In 2021, the banking industry is being disrupted. Financial technology, generally referred to simply as fintech, is changing the way banks do business. Fintech is providing a level of competition and innovation that the traditional banking industry has not seen in decades and it is forcing the major players to react.
Fintech is bringing more options and more power to the people. It is giving people and businesses a financial solution that is beneficial for them, not just for the financial institution itself. Fintech has been slowly changing the banking industry for several years now but with world events and its previous success, the impact of fintech on banking is now growing faster than ever. Professionals are taking advantage of fintech bootcamps to take their companies to the next level.
In the coming years, fintech should only continue to grow in prominence and continue to disrupt the banking industry in more and bigger ways. These ways will fundamentally change the world of banking and how people and businesses interact with financial institutions.
According to Liventus, fintech solutions are increasingly important for providing an optimal banking experience. Here are five ways fintech is changing the banking industry.
1. Fintech is providing more options
It is commonplace in the U.S., as well as a few other countriesin the world, for the big fish to swallow up the smaller ones in business until there are only a few giant corporations that control an entire industry. This happened in the banking world over the course of the last few decades. Our banking options at the outset of the 2000s were pretty much either the “big guys” – Bank of America, Citibank, Wells Fargo, etc. – or a small, local savings bank or credit union.
This lack of choice is bad for competition and innovation. Fintech is changing that. A growing number of fintech solutions are giving people more choice about where and how they bank. Digital-only banks are becoming a viable alternative for people’s banking needs. Banks such as Ally, Chime, and Dave have all experienced big growth in the last few years because they offer people a practical alternative to huge companies. According to Forbes, in mid-2020, over 14 million Americans said a digital-only bank is now their primary bank.

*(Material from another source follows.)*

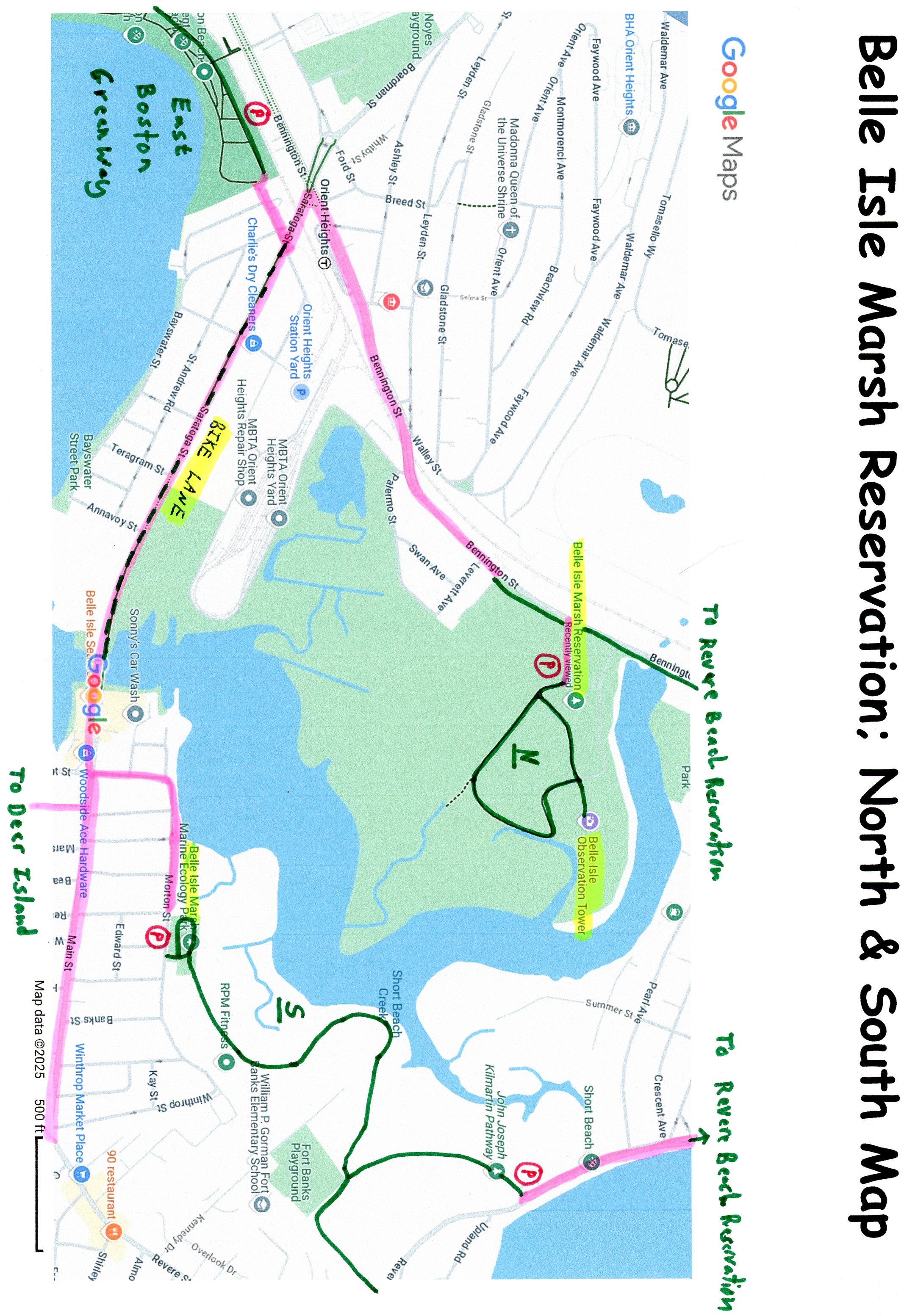 From *Barnes Ave in East Boston; [Re-zeroing Mileage] Travel on-road, along Barnes Ave (residential) out to Saratoga St (Route 145). Cross Saratoga St to a BIKE LANE and head left, across a bridge over the RR tracks out to Bennington St. Head right, Northeast, on-road (sidewalk available), past the MBTA's Orient Heights Station. After 0.8 miles you'll pick up a narrow paved trail as you travel between Bennington St and Belle Isle Marsh. You'll come to the entrance for the Belle Isle Marsh Reservation; North. Turn right to reach the parking lot after 1 mile. A Map Board is located here. For more information visit; BELLE ISLE MARSH RESERVATION & FRIENDS OF BELLE ISLE MARSH .

2. Fintech means fewer fees
Ask anyone what their biggest problem with banking in the 21st century is and the answer you will likely get more than any other is fees. The convenience and the ubiquity of the big banks mean they can decide almost whatever fees they want for whatever aspect of baking they want to charge. Fees related to transferring money and making payments through a banking institution are one of the major ways these larger banks make so much money. Fintech is helping to change that.
Even the fees fintech solutions that do charge are significantly lower than those charged by large banks. Additionally, some of the most well-known and widely-used fintech solutions take aim directly at these bank payment fees. This is a big part of the reason why fintech solutions such as PayPal and Venmo have become so popular. They charge a smaller fee to businesses and often no fee for personal users. This is a huge win for the consumer and small business. These solutions have become so successful that major banks have created a similar product structure for their business.
3. Fintech is helping small business
Ordinary people are benefitting from fintech solutions in a big way and so are small businesses which are usually started by ordinary people. The appetite for small business loans in the U.S. is enormous. However, the ability to get a small business loan from a big bank can be difficult. With the large demand, banks are able to cherry-pick the small business owners with the best credit and the most successful track records to lend to. That leaves many small businesses unable to procure funds.
Fintech solutions are more willing to take slightly larger risks on small businesses and are becoming successful doing so. Although this hasn’t necessarily inspired big banks to be freer with their small business lending, it is changing how the banking world and small businesses interact. Fintech lenders such as Kabbage, Fundbox, and Lendio are leaders in this space that are helping small business grow.
4. Fintech is making banking faster
One of the most obvious ways fintech is changing banking is by making it faster, easier, and more convenient. They are accomplishing this in ways that are clearly visible to consumers and in other ways that may not be as recognizable. Most people associate with fintech through simple banking and other financial service apps. These apps allow banking from anywhere at any time; a convenience major banks don’t always offer.
Another way banking is becoming faster with fintech is built into the technology used. Fintech solutions are on the pioneering edge of technology or customer service in areas such as artificial intelligence or robot financial advisors. These technologies take away the need to wait for a human to be available thus expediting the whole process.
5. Fintech is opening revolutionary new possibilities
In 2021, it may not just be the world of banking that is changing. The entire worldwide financial system may be upended in the coming years. If it is, fintech will play a major role. Blockchain technology and cryptocurrency have the power to massively shift the entire global financial marketplace in the coming years and decades. If it does, it will owe no small debt to fintech solutions that are currently embracing this new digital currency far more than traditional financial institutions.
For years, the banking industry was relatively static outside of big banks consolidating their power. That has drastically changed in the 21st century with the advent of fintech solutions. These solutions are disrupting the industry and changing it in ways that are good for individuals and smaller companies. As the 2020s continue forward, we may not know all the ways fintech will transform this industry but we can be sure that it will continue to do so.